Medicare covers home health benefits for homebound beneficiaries who need intermittent skilled care. While home health care can help prevent costlier institutional care, some studies have suggested that traditional Medicare beneficiaries may overuse home health care. This study compared home health use in Medicare Advantage and traditional Medicare, as well as within Medicare Advantage by beneficiary cost sharing, prior authorization requirement, and plan type. In 2016 Medicare Advantage enrollees were less likely to use home health care than traditional Medicare enrollees were, had 7.1 fewer days per home health spell, and were less likely to be admitted to the hospital during their spell.
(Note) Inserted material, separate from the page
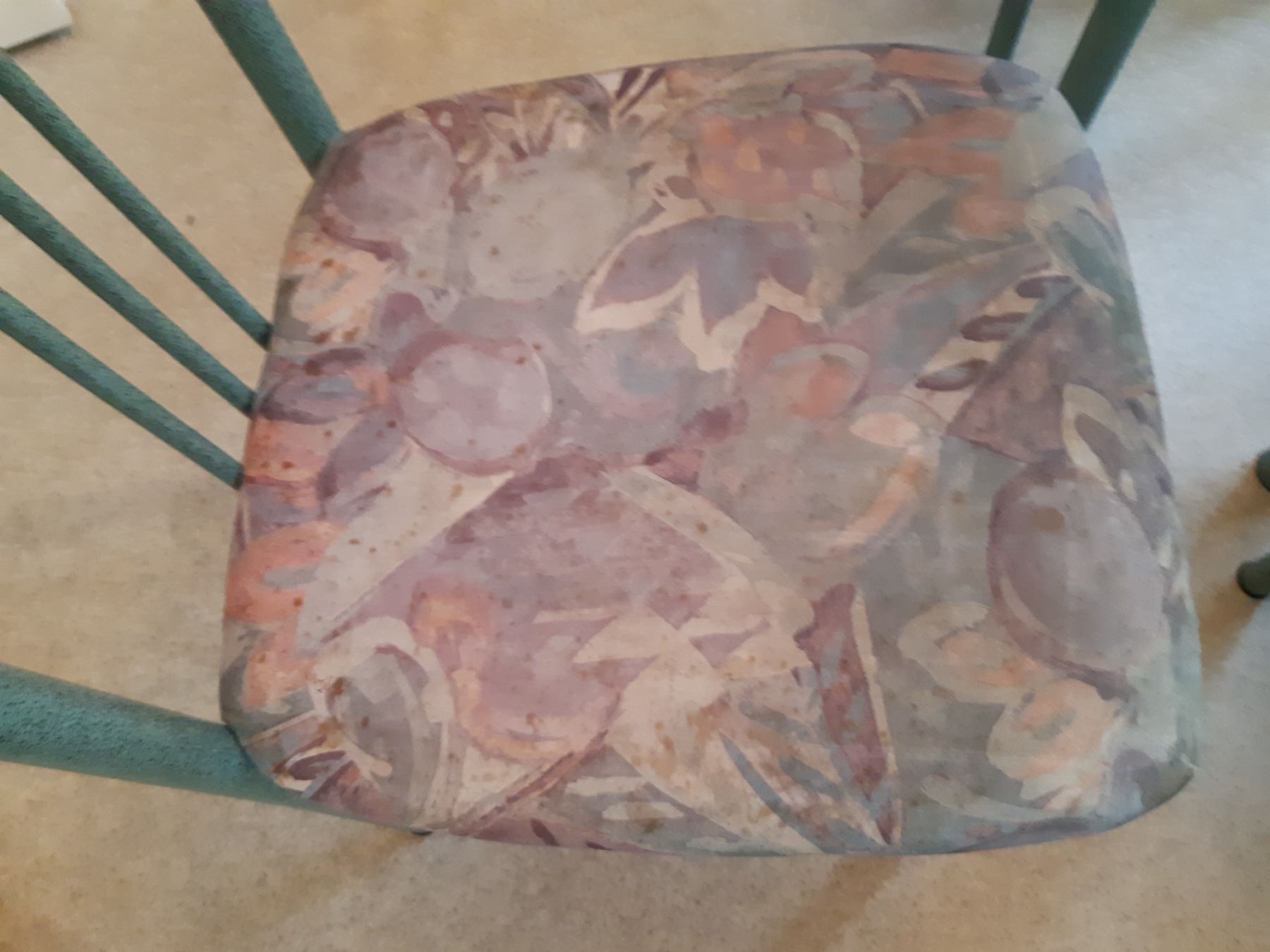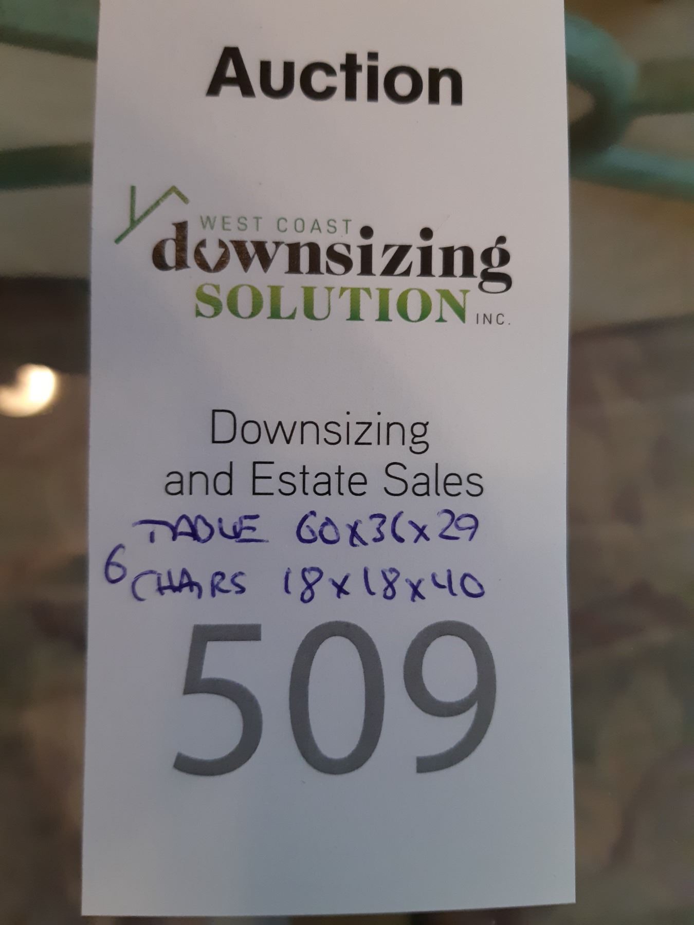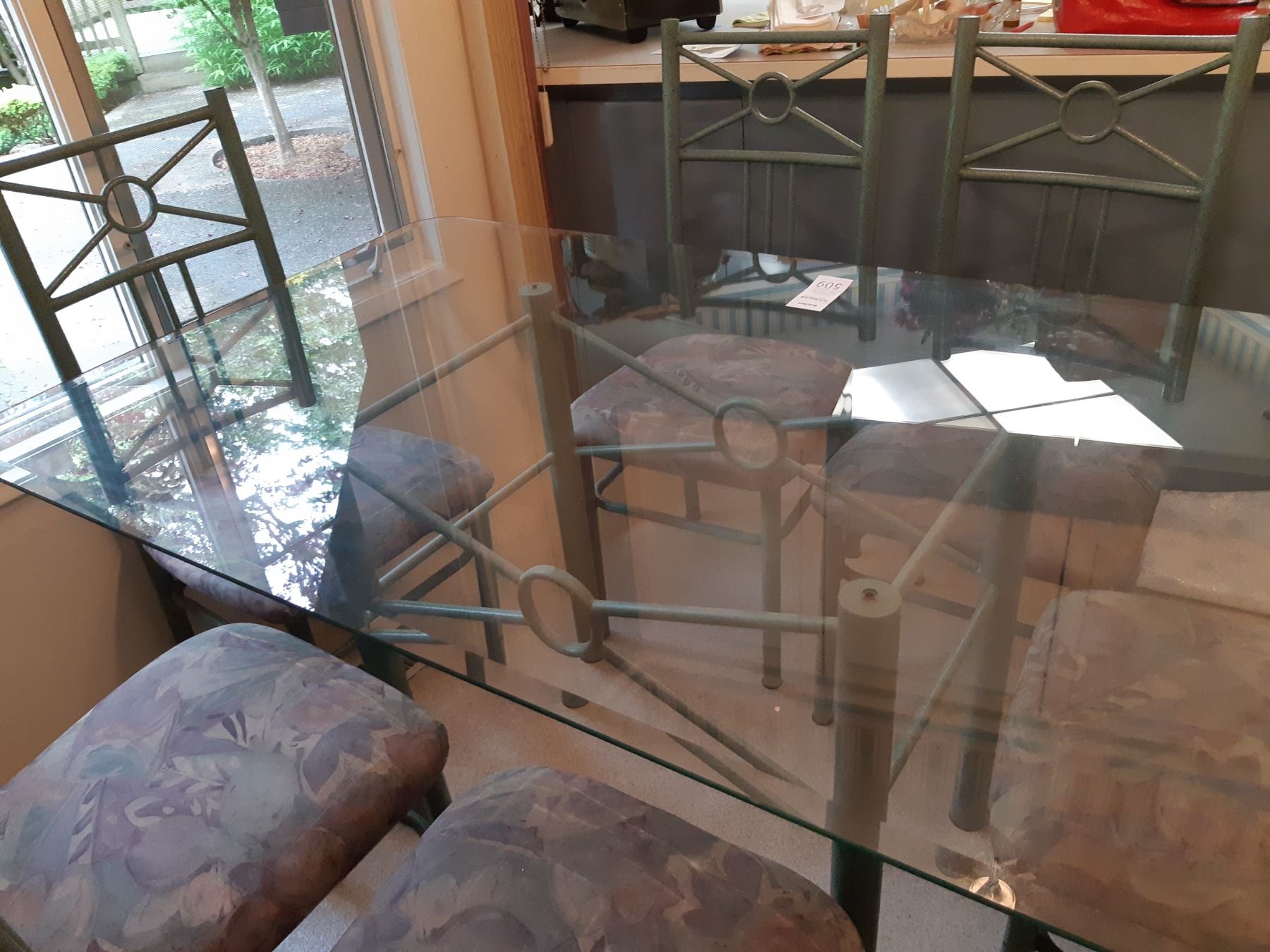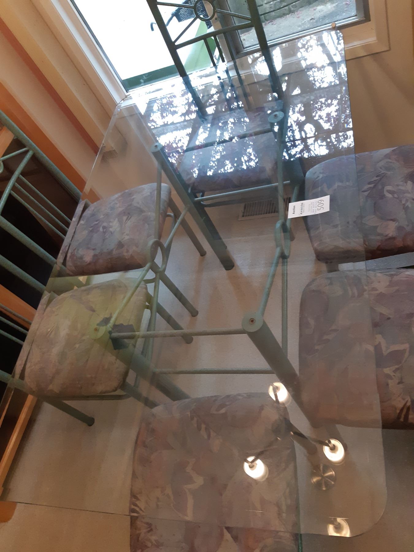 Glass top table on metal base. 60x36x29. Metal chairs with fabric seats 18x18x40 (x 6) Pickup at 12:30 pm

Among Medicare Advantage plans, those that imposed beneficiary cost sharing or prior authorization requirements had lower rates of home health use. Qualitative interviews suggested that Medicare Advantage payment and contracting approaches influenced home health care use. Therefore, changes in traditional Medicare home health payment policies implemented in 2020 may reduce these disparities in home health use and spell length.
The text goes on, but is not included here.